When the Women’s March was called out for its offense against, if nothing else, common decency, the organization indignantly defended itself. While insisting that it did not “endorse” Shakur’s actions, the movement could nevertheless not condone “the ongoing history of government (and) right-wing attempts to criminalize and discredit political activists.”
This was only the beginning of the scandals that plagued the group.
Women’s March organizer Linda Sarsour – who already demonstrated an unlovely habit of praising Saudi Arabia’s medieval treatment of women and fantasizing about the disfigurement of her political adversaries – insisted that the “Resistance” to Donald Trump should be considered a “form of jihad.”
Sarsour’s colleagues – Tamika Mallory and Carmen Perez – mounted an ill-advised campaign to defend the Nation of Islam’s anti-Semitic chief, Louis Farrakhan. And all of them were recently alleged to have alienated Jewish organizers because of their suspicious amiability toward anti-Semitic tropes.

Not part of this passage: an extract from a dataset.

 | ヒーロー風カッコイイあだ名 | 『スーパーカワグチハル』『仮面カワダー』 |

In its report on the anti-Semitism scandal engulfing the organization, The New York Times included a more-in-sorrow observation about how the group had become tangled up in its own internal deliberations about what constitutes “marginalization” and, therefore, a thumb on the scale in their favor.

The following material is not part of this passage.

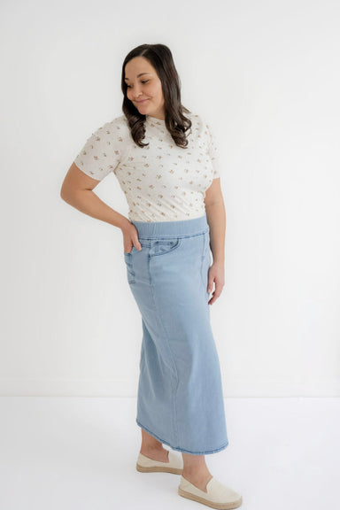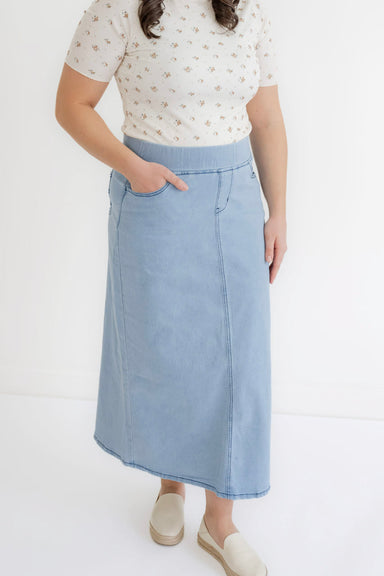 Modest casual comfort is this ankle length denim skirt! The 'Rosemary' features a non-bulky elastic waistband in a medium-weight, lightwash denim w...

The Women’s March group had already gone on the record noting that “white women” have “a lot of learning” to do, but now the organization was tortured over whether Jews, too, should be considered what the Times described as “privileged white Americans.”
This isn’t just a toxic identity obsession; it’s identity obsession with the resolve to do something about it.
The Women’s March organizers displayed fealty toward many of the tenets of modern social justice. This includes the belief that: First, we all either thrive or struggle as a result of the circumstances into which we were born. Second, justice demands that the enlightened engage in oppressive social leveling to right real or perceived historical wrongs.
This is a theory of social organization that rejects individuality in favor of demographic hierarchies and benign ghettoization, and which views the world as a complex matrix of overlapping persecutions.
They call this matrix “intersectionality” – a once-obscure academic theory positing that discrimination is doled out in degrees.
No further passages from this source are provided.